We report a high power and high energy all-fiber-based single frequency nanosecond pulsed laser source at ~1918.4 nm in master oscillator-power amplifier (MOPA) configuration. The pre-shaped pulsed fiber laser seed with a variable pulse duration and repetition rate were achieved by directly modulating a continuous wave (CW) single frequency fiber laser using a fast electro-optical modulator (EOM) driven by a arbitrary waveform generator (AWG). One piece of single mode, large (30 μm) core, polarization-maintaining (PM) highly thulium-doped (Tm-doped) germanate glass fiber (LC-TGF) was used to boost the pulse power and pulse energy of these modulated pulses in the final power amplifier. To the best of our knowledge, the highest average power 16 W for single frequency transform-limited ~2.0 ns pulses at 500 kHz was achieved, and the highest peak power 78.1 kW was achieved at 100 kHz. Furthermore, mJ pulse energy was achieved for ~15 ns pulses at 1 kHz repetition rate.

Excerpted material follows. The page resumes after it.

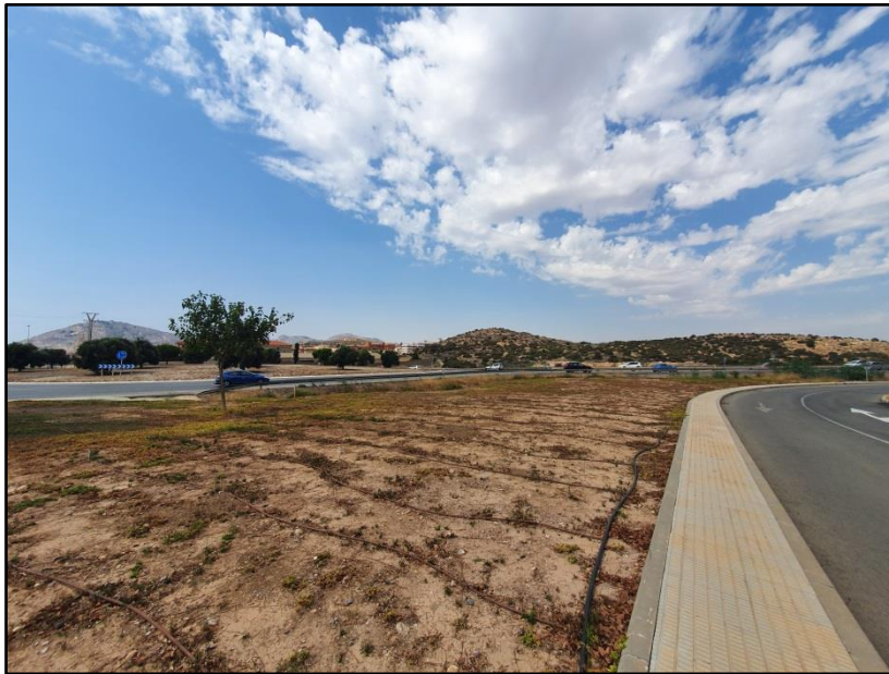
Imagen 12: Terreno para la construcción del área de servicios para autor caravanas y el aparcamiento disuasorio

Theoretical modeling of the large-core highly Tm-doped germanate glass double-cladding fiber amplifier (LC-TG-DC-FA) is also present for 2 μm nanosecond pulse amplification. A good agreement between the theoretical and experimental results was achieved. The model was also utilized to investigate the dependence of the stored energy in the LC-TGF on the pump power, seed energy and repetition rate, which can be used to design and optimize the LC-TG-DC-FA to achieve higher pulse energy.
©2012 Optical Society of America
Single frequency fiber lasers have been receiving intense interests due to their diverse applications in interferometric sensing, coherent LIDAR, spectroscopy and nonlinear conversion. Such kinds of fiber lasers at 1 μm, 1.55 μm and 2 μm have been developed and commercialized with a very short laser cavity in combination with narrowband fiber Bragg gratings and high unit gain active fibers for robust single-frequency operation [1–3]. Some applications, such as nonlinear frequency conversion, benefit from pulsed single-frequency lasers, which are able to provide high peak powers. To achieve this, Q-switched single-frequency fiber lasers were reported [4, 5]. Another way to get single-frequency laser pulses is to use an electro-optic or acousto-optic modulator (EOM or AOM) to directly modulate a continuous wave (CW) single-frequency laser. This allows the pulse parameters (duration, repetition rate, pulse shape, etc.) to be freely adjusted [6, 7].
Single-frequency fiber oscillators usually can only provide limited power or pulse energy. In the high power or high pulse energy regime, a single-frequency fiber laser source is typically configured as a high-gain master oscillator power amplifier (MOPA) seeded by a low power laser for both CW regime [8–12] or pulsed regime [7, 13–15]. Power and energy scaling for these lasers is more challenging due to their narrow bandwidth, which leads to lower threshold of Stimulated Brillouin Scattering (SBS). So, usually a large-core gain fiber is used in the final power amplifier to mitigate the SBS . G. D. Goodno et al. reports a 608 W CW single frequency fiber laser source at 2040 nm, which is the highest reported average power achieved from any single-frequency, single-mode fiber laser . C. D. Brook etl. reported a single frequency pulse laser at 1062 nm with >1 mJ pulse energy and > 1 MW peak power . However, these systems contain a lot of bulk components, which to some extent sacrifices the benefits of fiber laser sources.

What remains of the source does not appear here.